On 20 August 2020, Cook announced another studio album, Apple. The announcement came with the release of the single "Oh Yeah". The album was released through PC Music on 18 September 2020.

Leading up to the release of his second album, Apple, Cook hosted another free livestream festival across Zoom, Bandcamp and Twitch entitled 'Appleville'. The festival featured intimate online performances from 100 gecs, Cali Cartier, Alaska Reid, Amnesia Scanner, Astra King, Baseck, Charli XCX, Clairo, Danger Inc, Dorian Electra, Felicita, Fraxiom, Hannah Diamond, Jimmy Edgar, Kero Kero Bonito, Namasenda, Ö, Oklou, Palmistry, Planet 1999 and Quiet Local. The event was described by Cook as "a pastoral escape in the comfort of your own home, an infinite green field where you can sit back and watch some of your favourite musicians grapple with the limitations of time & space". VIP tickets for the livestream were sold on Bandcamp and included access to select recordings from the concert.
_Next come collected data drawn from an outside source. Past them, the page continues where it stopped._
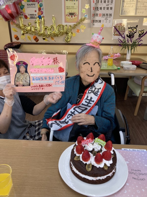 2Fご利用者様2名のお誕生日会を行ないました。11月は1Fも2名で一番多い月になります(*'▽')
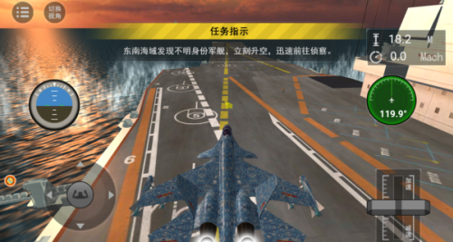 3、上方有任务指示,在东南海域发现了不明身份军舰,你要立即升空去侦察。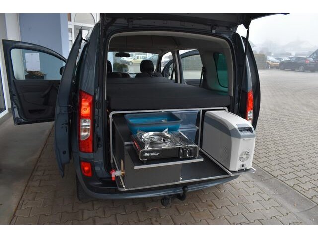 - Camping Modul M: Küchenauszug links mit Faltspüle und 10 L Frischwasserkanister mit Auslasshahn, Auszug rechts für optionale Kühlbox, 2 herausnehmbare Stauboxen ( 18 Liter und 27 Liter ),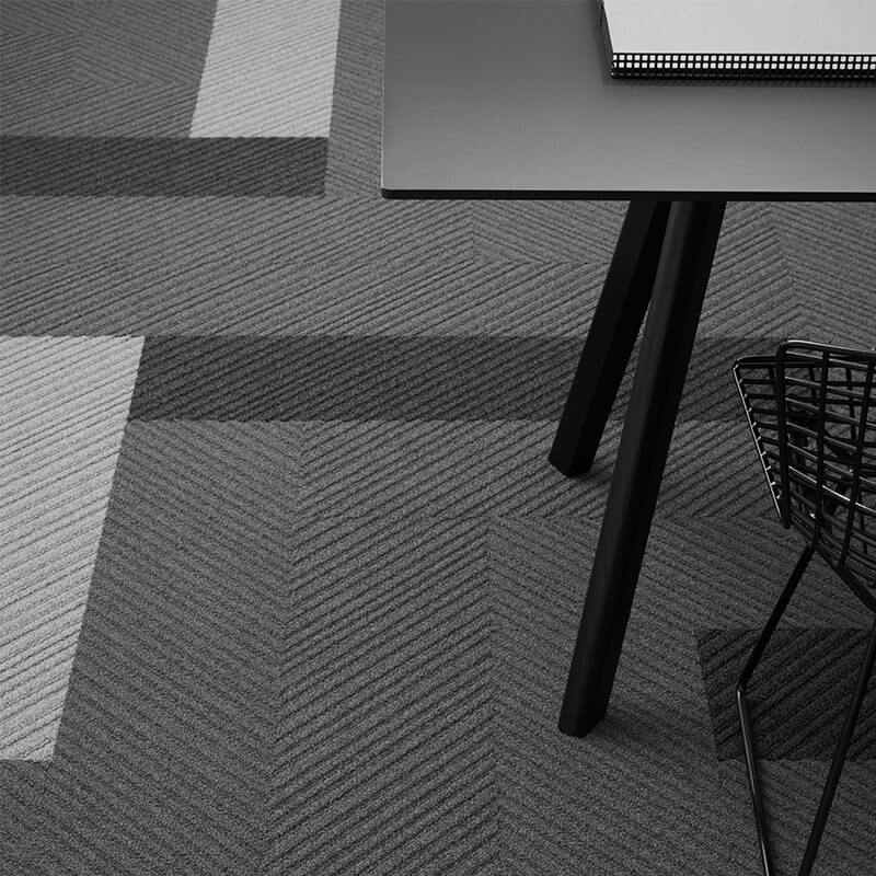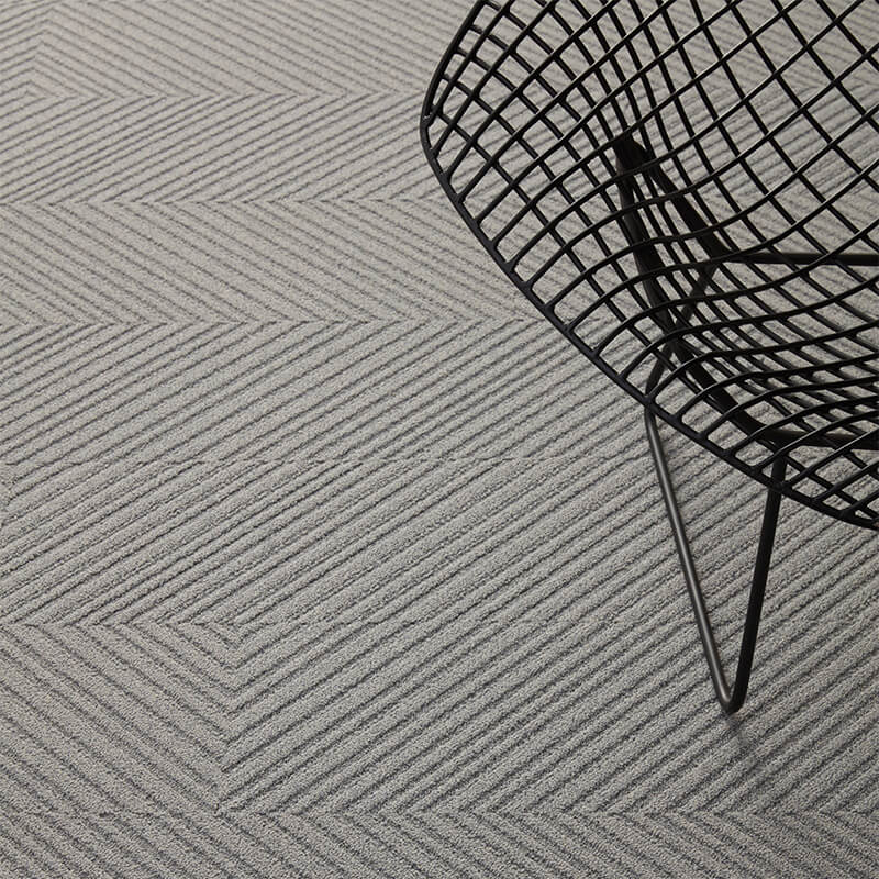 Inspired by iconic modernism, the Desso Traverse range of carpet plank designs feature simple diagonal lines. These are created by slight differences in dye hues but also by slight ridges in the yarn construction. Hence, the pattern you see depends on where you are in the room together with where the light source is coming from.

All proceeds from the ticket sales were donated to Mermaids and Black Cultural Archives.

After 5 years of collaborating with Charli XCX, in November 2020 the pair was awarded the Variety Hitmakers Innovator of The Year Award.

In December 2020, A. G. Cook has taken part in LUCKYME Records 12 Alternative Futures Advent Calendar Project. Baauer & A. G. Cook's "Planet's Mad" Remix was released on 10 December.

Cook has also collaborated with Japanese American singer-songwriter Hikaru Utada, co-producing the movie's theme song "One Last Kiss",  the soundtrack of the Japanese animated science fiction film Evangelion: 3.0+1.0 Thrice Upon a Time. The song was released on 9 March 2021, and reached #1 on the Japanese Japanese singles charts. He also co-produced another song with Utada, called "Kimi ni Muchuu", which reached #1 on Japanese singles charts, and remixed Utada's song "Face My Fears" for her album Bad Mode.

Beginning in April 2021, Cook began releasing remixes of songs from his two 2020 albums. Cook later announced that they would be included on a 21-track joint remix album titled Apple vs. 7G. The album was released on 28 May and features remixes from PC artists Easyfun and Hannah Diamond as well as Caroline Polachek, Charli XCX and No Rome.

Cook released the remixed version of No Rome's "Spinning", featuring Charli XCX and the 1975, in May 2021.

In June 2021, Cook hosted and curated his first show in a 4 part residency on BBC Radio 6 music as part of the 'Lose Yourself with...' series.

Cook contributed to Lady Gaga's Chromatica remix album, providing a remix for the track "911" alongside Charli XCX. The album, titled Dawn of Chromatica was released in September 2021 and featured remixes from Dorian Electra and Rina Sawayama.

In October 2021, Cook partnered with Apple Inc. to release "Start Up", a song that incorporates sounds from Apple products from the past 45 years. It was used as the intro music for an Apple media event that same month.

In 2022, he worked with Beyoncé co-writing and co-producing the song "All Up in Your Mind", which was included on her seventh studio album Renaissance. It earned his first Grammy Award nomination for Album of the Year.

Artistry 

Cook's style of music amplifies the clichés of mainstream pop music from the 1990s and 2000s. He follows the work of "mega-producers" such as Max Martin and Jimmy Jam and Terry Lewis. Cook references Scritti Politti's album Cupid & Psyche 85 for its "conscious decision to take pop music and make it as shiny and detailed as possible". He cites Korean and Japanese pop music as influences, as well as gyaru subculture.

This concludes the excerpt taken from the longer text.